The "Blurred Lines" singer now claims he didn't write a majority of the controversial song that topped radio stations last summer./PHOTO VIA Wikimedia Commons

The “Blurred Lines” singer now claims he didn’t write a majority of the controversial song that topped radio stations last summer./PHOTO VIA Wikimedia Commons

Hide your wives and hold the presses: Robin Thicke’s in trouble again. In an attempt to distance himself from accusations of plagiarism from the Marvin Gaye Estate, Robin Thicke admitted that he didn’t write about 80% of everyone’s favorite misogynistic jam of last summer, “Blurred Lines” — Pharrell Williams did. But does it really matter?

Thicke still sung those repulsive lines comparing women to animals and not taking “no” for an answer. His image is still inseparable from that sleazy referee he portrayed at the 2013 VMA’s and he’s still on record in countless interviews as stating that he wrote “Blurred Lines” in the recording studio.

All of this was stated in the name of preserving image and credibility. Consumers of music and culture want to believe that the artist is everything. They’re not just a singers, but songwriters, lyricists and instrumentalists. Nobody wants to hear about some faceless songwriter. We want to hear about the genius artist. We want an authentic superman.
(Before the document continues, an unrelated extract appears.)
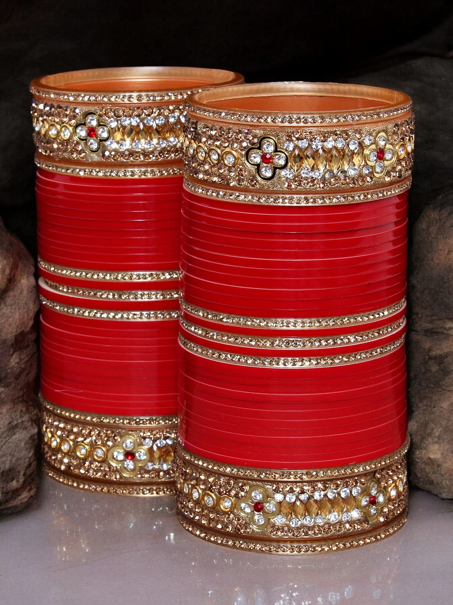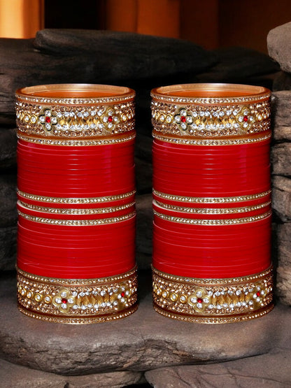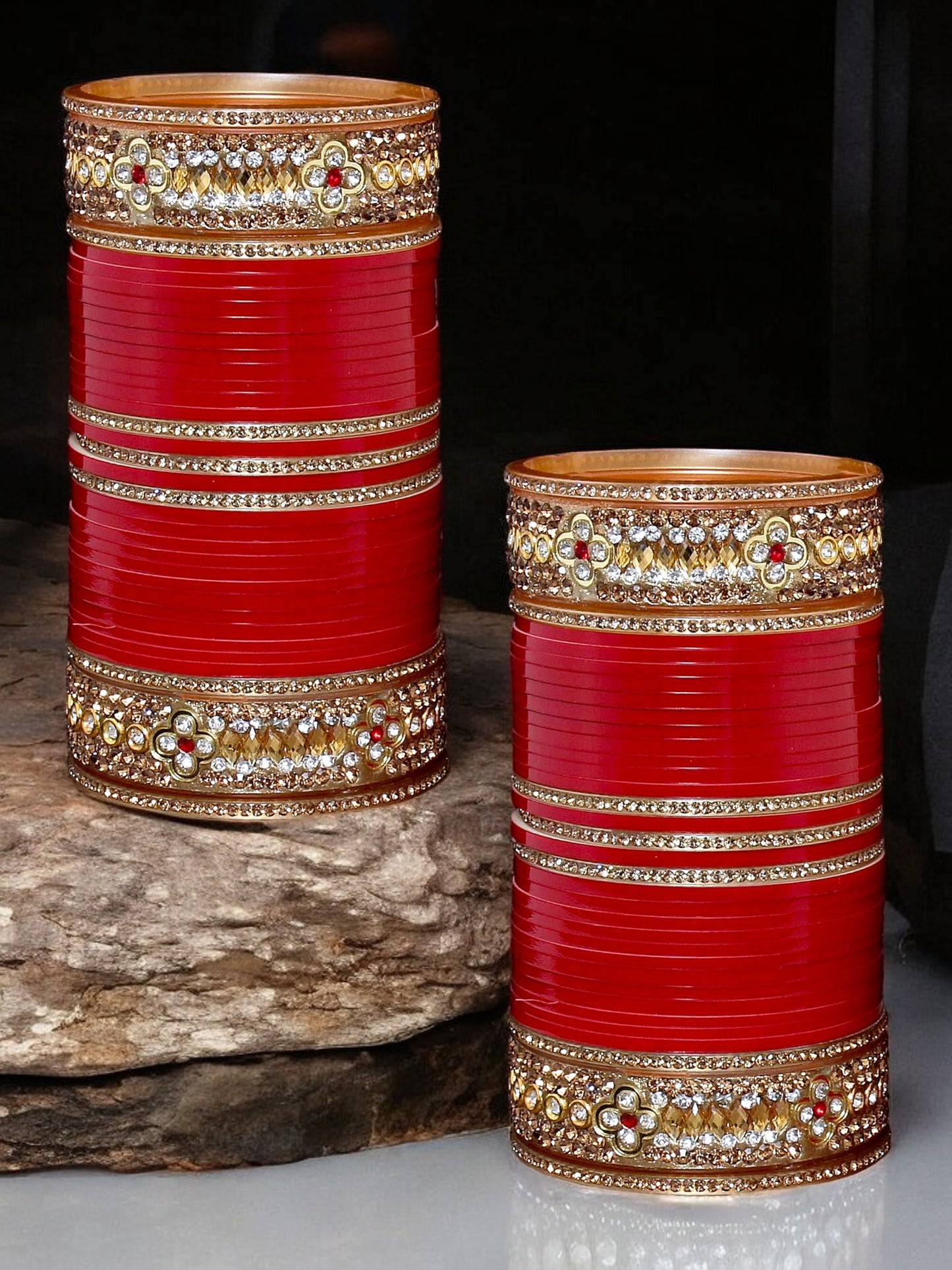 Lucky Jewellery Bridal Bangle set Wedding Punjabi chuda Designer chura CZ Stone Red Color choora Celebrate your special day with the timeless elegance of our Bridal Punjabi Chura. This stunning set of traditional red bangles, adorned with intricate, symbolizes prosperity and marital bliss. Each bangle is crafted with meticulous attention to detail, blending classic artistry with modern flair to create a truly unique accessory. Perfectly capturing the essence of Punjabi heritage, this chura will not only enhance your bridal ensemble but also serve as a cherished keepsake of your beautiful journey. Make an admirable gift for your Mother, Sister, Wife and Girlfriend. | Ideal For Party, Office & Daily Wear | Can Be Used On Birthday, Marriage, Engagement, Shadi Any Occassion. |
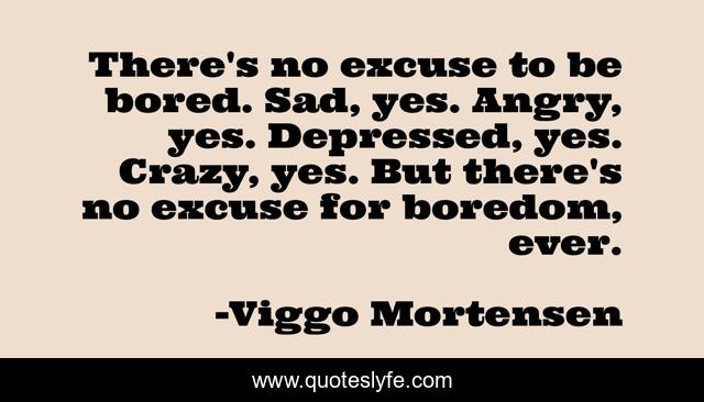 This page presents the quote "There's no excuse to be bored. Sad, yes. Angry, yes. Depressed, yes. Crazy, yes. But there's no excuse for boredom, ever.". Author of this quote is Viggo Mortensen. This quote is about crazy, angry, boredom,.

Authorship disputes are nothing new in pop music. From Led Zeppelin to Beyonce, most major entertainers have had their songwriting skills questioned. But it shouldn’t matter who really writes a song. Michael Jackson didn’t write “Thriller,” Frank Sinatra wrote very few of his songs and Whitney Houston’s cute, breezy pop songs and ballads were mostly written by a bunch of men. But these entertainers are often named among the greatest artists in America. Of course, we can ignore their lack of songwriting; their voices make up for it.

A song written by someone else, however, may seem less believable. It’s not as easy to connect with a song we know isn’t written straight from the artist’s heart. But if consumers can live so vicariously to a song they didn’t write, then artists should theoretically be able to do the same.

And, self-songwriting often does not equate to great artistry. Whoop-de-doo, you wrote a song; it doesn’t mean you’re the next John Lennon. The real problem with Robin Thicke, though, is that through the flood of Vicodin and alcohol, he knew he didn’t write “Blurred Lines” (and the lyrics were also pretty crap). But during countless interviews, he still lied.

Robin Thicke lied not only to inflate his ego, but to adhere to our expectations of what an artist should be. That’s not to say he isn’t responsible for his new sex offender image or the allegations of plagiarism from a song released in his name, but the guy is a product of and a player into the pop culture machine.

In his effort to prove authenticity, Robin Thicke reveals himself to be wholly inauthentic. As for song authorship, let’s face it: it doesn’t really matter if pop stars like Katy Perry or Jason Derulo write their own songs. We’re just gonna dance to them in the basement of a grimy club anyway.